Build a Team that Ships

I started my first company 15 years go, and I still can’t manage. I suspect that very few people can. With AngelList, we want a team of self-managing people who ship code.

Here’s what we do:

  • Keep the team small. All doers, no talkers. Absolutely no middle managers. All BD via APIs.
  • Outsource everything that isn’t core. Resist the urge to pick up that last dollar. Founders do Customer Service.
  • People choose what to work on. Better they ship what they want than not ship what you want.
  • No tasks longer than one week. You have to ship something into live production every week – worst case, two weeks. If you just joined, ship something.
  • Peer-management. Promise what you’ll do in the coming week on internal Yammer. Deliver – or publicly break your promise – next week.
  • One person per project. Get help from others, but you and you alone are accountable.

If they can’t ship, release them. Our environment is wrong for them. They should go find someplace where they can thrive. There’s someplace for everyone.

It’s not perfect. We ship too many features, many half-baked. The product is complex, with many blind alleys. It’s hard to integrate non-engineers – they aren’t valued.

But, we ship.

29 thoughts on “Build a Team that Ships

  1. This is an extreme view but I have a hard time disagreeing wholesale with any of it. I have been writing code, shipping things and managing teams for over a decade and the environment you describe is the ideal that is worth moving towards.

      • I agree with the fact that engineer is responsible for end to end delivery of the module but what happens in a case where everything falls as responsibility of the engineer .For example

        Consider a person working for a company XYZ where he is a coder and he has been assigned the module and he completes the design,implementation and unit testing end to end .But what happens in scenario where operations dont do there job properly in terms of provisioning the required systems for the production and not set up the required connectivity and developer keeps polling and checking them on stuff and the project gets delayed due to such circumstances .Is the engineer still reliable if the other people dont work properly and make engineer responsible for the delay

    • We split it into a much more micro-basis. Most of our developers do front end and back end. Design is a shared resource.

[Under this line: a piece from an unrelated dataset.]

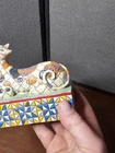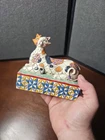 This adorable Jim Shore figurine is full of charm and character! The colorful harlequin design on the cat makes it a standout piece, perfect for collectors. Despite its age, it’s in great condition with only minor wear that adds to its vintage appeal. The detailing is exquisite, and the size is just right for displaying on a shelf or desk. A delightful find for any cat lover or Jim Shore fan!

      • How is design a “shared resource”? Just curious. Do you only hire engineers with design capabilities, or is it like declaring design a shared responsibility?

  2. Sounds like you’re ideally setup for distributed teams. These are exactly the kinds of personality traits I look for when building one. You want people who will do what they think is the right thing, and do it on its own merit, because of internal motivation. Zero management required.

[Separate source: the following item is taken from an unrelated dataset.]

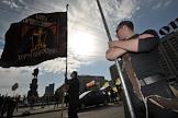 Участники первомайского шествия сторонников Коммунистической партии России (КПРФ), проходящего от Калужской до Театральной площади. Плакат с надписью "Руссовет".

  3. Totally agree with you! The principles you outlined would personally energize me as an engineer and that’s what it’s all about. But what would you do if the feature you’re working on isn’t ready to ship? Shipping is key, but should be adjusted based on the project. A usable functioning product is much more important. For instance, how would build out an android app if after a week it didn’t provide functionality crucial to your product?

  4. Fantastic points — always believed in small effective teams that attack the market directly. Given opportunities to outsource even hardware and materials work — this approach can be implemented in other fields, maybe with some minor modifications.

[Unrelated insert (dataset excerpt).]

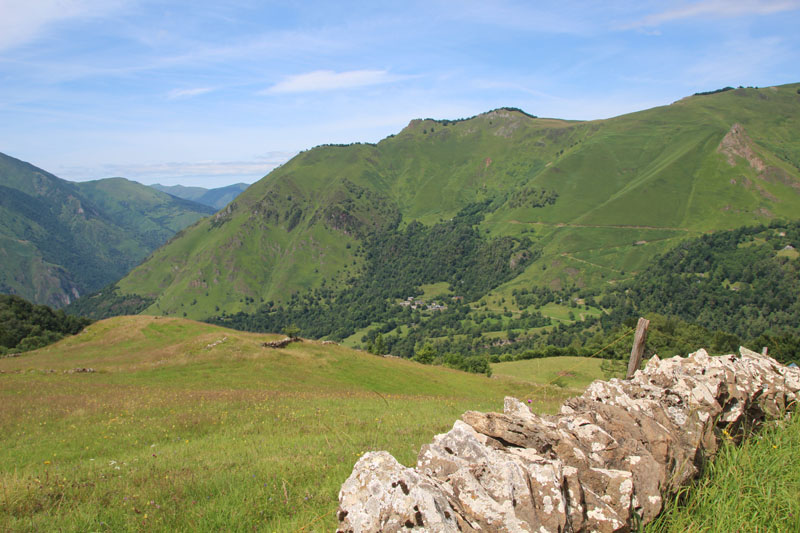 Nous montons les courbes verdoyantes de la Montagne Verte. Au nord, nous observons le hameau de Listo, le pic de Listo, la crête de Coos, le Moullé de Jaüt. Le sentier file en zigzag dans la pente herbeuse abrupte. Arrivés près de l'abreuvoir vers 16 h. C'est dans un bar, en terrasse que nous clôturons l'agréable petite randonnée.

  5. lean team = profitable team!

    In one word “collaboration” a product built from multiple views has a broader reach than a product built with only one point of view.

    I build companies/teams in terms of milestones, managed labor is a waste of time and payroll. keep cost low and outsource when needed.

    Build part and ship, the next team member gets excited and challeged to build something a little better, a little sexier, then ships and so on, all with one goal of complimenting the products end UX.

  6. probably optimal structure for exploration and discovery. only thing I wonder about is may not be optimal structure for maximizing user conversion behavior, and keeping UX simple. but I won’t argue with success… it’s great to see how fast you folks get stuff out there.

  7. Great tips, thanks for sharing Naval. Just curious – what processes/tools do you use to keep track of what is currently being worked on, what’s in the pipeline etc? It sounds like some kind of Kanban-lite would fit in nicely here.

  8. As a maker, I like the spirit, but I would rather say, “build a team that ships valuable software,” with valuable not defined by the team but by how it impacts the customer.

    Judging a team by features shipped is like measuring by lines of code.

  9. Our business lives by this. I guess the question should be though can you still continue to live by this mantra when you get to be a big company. I know Facebook try’s to carry this on but its probably harder for some other businesses to accepted that not all code is QA tested.

  10. Naval,
    Can you share wisdom on which tools you use internally for task / project management?
    e.g. Pivotal Tracker vs Trello vs Sprintly vs Kickoff or similar.
    Thanks
    Dave

  11. Fail forward.

    Customer Creation is shipping. If they can’t create customers, let them go.

    Absolutely NO management required… but a ton of LEADERSHIP required!

  12. Seems like a great approach, and you’ve clearly proven it successful in your own case.

    However I wonder how realistic the “one person one project” is for most startups/organizations? By your rules people very strong in one area (i.e. programming) but very weak in others (i.e. design) would have no role, anywhere. It seems to me that teams of two or three for some projects is more realistic, and could result in better results even because your pool of expert-level potential candidates is much broader if they don’t have to be excellent in all things.